Match rassembleur entre les Palettes roses et des hockeyeuses du Nunavik 

 Les Palettes roses ont reçu des joueuses du Nunavik. Photo Charles Guernon 
 Les Palettes roses ont reçu des joueuses du Nunavik. Photo Charles Guernon 

Pas moins de 250 personnes se sont réunies vendredi dernier pour encourager les Palettes roses et des joueuses inuites. Un événement exceptionnel démontrant la force rassembleuse des femmes et du sport.  

Émotion, rires, unité : le match de vendredi soir a été une totale réussite, dans le sens où ce n’était que du bonheur. Le score? 7 partout croit une joueuse des Palettes roses, Lisa Hays, sans en être certaine…  Peu importe au fond, car gagner n’était pas l’objectif premier de cette aventure. Une aventure rendue possible grâce à l’existence des Palettes roses, nées à la suite de la rencontre de Lisa Hays et Renée-Claude Gélinas dans les estrades pendant les heures de pratique de leurs fils respectifs au hockey. Elles sont devenues amies et le conjoint de Renée-Claude, Hugo Massé, leur a suggéré de louer la glace pour faire jouer les femmes. « Je lui ai répondu que c’était impossible, car je ne savais pas freiner et que ce serait juste pour rire de moi », raconte Lisa Hays. Tenace, le monsieur insiste longtemps et Lisa cède à condition de ne pas amuser la galerie gratuitement. Elle propose donc d’organiser un match-bénéfice et demande aux parents et amis d’y assister en précisant qu’il permettra d’amasser de l’argent au profit d’un organisme à but non lucratif pour les femmes de la région. L’engouement a été instantané et plusieurs mères de jeunes hockeyeurs se sont réunies pour jouer. « Après la partie, dans le vestiaire, il y avait beaucoup d’émotions, on avait eu un plaisir fou. »  

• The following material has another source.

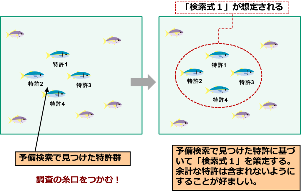 具体的には、予備検索で把握した特許公報に付与されている特許分類や、説明文の中で使われているキーワードを参考にして、検索式を策定します。図7に示したとおり、予備検索で見つけた特許1,2,3,4の特許群を包含するように検索式1を策定することになるので、適合公報がたくさんある方が、正確な検索式1を策定することができます。しかし、今は予備検索の段階であり、あくまでも事前準備という位置づけになるので、多くの時間をかけられないのも事実です。

Les Palettes roses ont reçu des joueuses du Nunavik. Photo Charles Guernon

Un développement fulgurant 

Ça a été le départ d’une belle équipée et, depuis, elles ont réussi à obtenir des heures de glace pour pratiquer au Centre sportif Damien Hétu de Sainte-Agathe-des-Monts, puis à Sainte-Adèle et elles continuent à organiser des matchs-bénéfice. Ces femmes âgées de 25 à 63 ans ont avant tout développé un mouvement social extraordinaire. « On montre qu’on est capable de sortir de nos rôles de mère, de femme d’affaires et qu’on peut avoir un rôle sportif et d’échange que les hommes ont déjà », poursuit Lisa. De quatre joueuses au départ dans la région, elles sont passées à 60 l’année suivante et sont désormais 141. À tel point qu’elles ont fondé les mini-palettes pour répondre à la demande de jeunes filles qui voulaient suivre les traces de leurs aînées.   

Vendredi dernier, elles participaient donc à un événement-bénéfice incroyable. « On a une amie dans les Palettes, Karine, qui est infirmière; elle travaille dans le nord du Québec », informe Lisa. Karine patine parfois dans les arénas locaux des villages du Nunavik, puis de fil en aiguille, elle a été mise en contact avec des femmes qui avaient joué. Elle a alors eu l’idée du projet et ça a ravivé la flamme de certaines femmes qui se sont remises au hockey pour venir rencontrer les Palettes roses dans les Laurentides. Là encore, les femmes se sont démenées pour obtenir de l’aide, tant du côté des Inuites qui ont réussi par leurs gouvernements locaux à avoir des subventions que du côté des Laurentiennes qui en ont obtenu de la part de la ville de Sainte-Agathe-des-Monts et aussi de la députée de Bertrand France-Élaine Duranceau. Les joueuses inuites ont également fait des bingos pour amasser des sous.  

Belle ambiance pendant le match des Palettes roses contre des joueuses du Nunavik. Photo Charles Guernon

Ces hockeyeuses sont arrivées par avion du Grand Nord en plusieurs fois la semaine dernière et Renée-Claude Gélinas est allée les chercher à l’aéroport. « On est très heureuses qu’elles aient recommencé le sport pour venir nous rejoindre. C’est magnifique et ça nous sort un peu de l’isolement », mentionne-t-elle.  

« C’est quand même nouveau, en tant que femme, de se permettre de prendre du temps pour être entre nous et jouer; on a toujours besoin de se soutenir entre femmes. On a partagé une autre culture, c’est vraiment enrichissant, affirme Lisa Hays. Elles nous ont apporté plein de nourriture, des mets locaux comme du caribou et des poissons séchés vraiment excellents. On a passé de très beaux moments. » L’expérience a donc été un succès, tant pour les spectateurs que les participantes. La moitié des fonds amassés lors de ce match est destiné aux mini-palettes roses et l’autre moitié à un organisme inuit.